# [Task instructions]
Leave every picture out and return the rest of the listing verbatim.

# [Recorded data]
=====
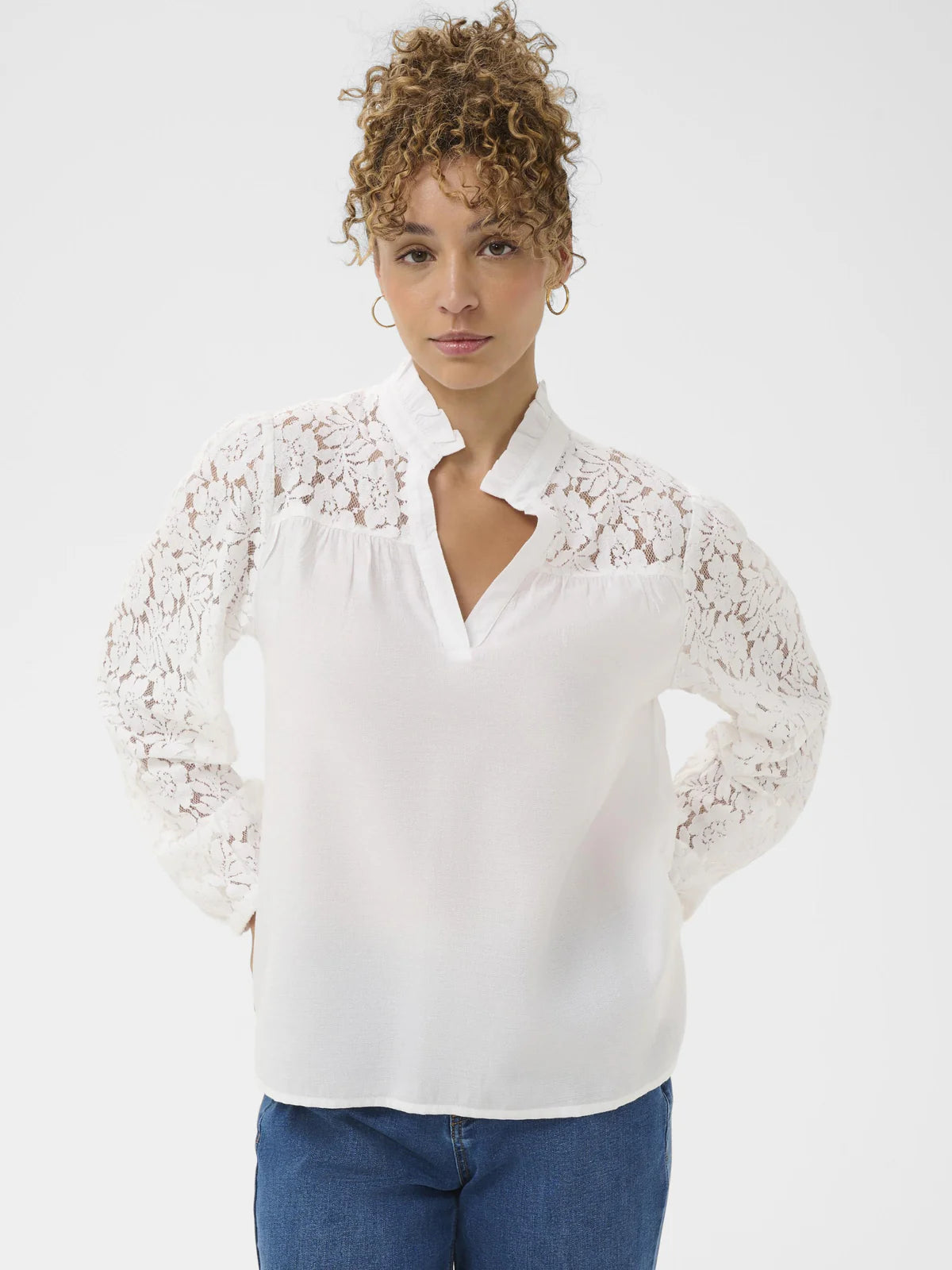 Fresh, feminine blouse with soft lace sleeves which are elasticated at the cuff. The neckline is flattering for all bust sizes. The Liselin blouse can be dressed up or down.
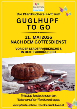 Am Sonntag 31. Mai wollen wir euch nach den Gottesdiensten und der Pfarrbücherei mit "GUGLHUPF TO GO" verwöhnen.
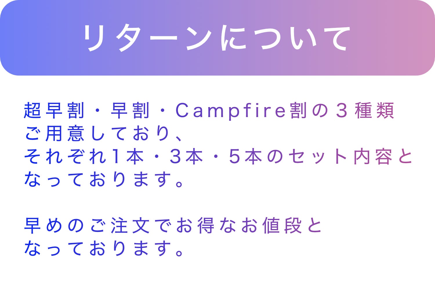 【Campfire割】完成した製品 x 5本 32,000円[一般販売予定価格 61,000円の50%OFF]
=====
# [Written answer]
 Fresh, feminine blouse with soft lace sleeves which are elasticated at the cuff. The neckline is flattering for all bust sizes. The Liselin blouse can be dressed up or down.
 Am Sonntag 31. Mai wollen wir euch nach den Gottesdiensten und der Pfarrbücherei mit "GUGLHUPF TO GO" verwöhnen.
 【Campfire割】完成した製品 x 5本 32,000円[一般販売予定価格 61,000円の50%OFF]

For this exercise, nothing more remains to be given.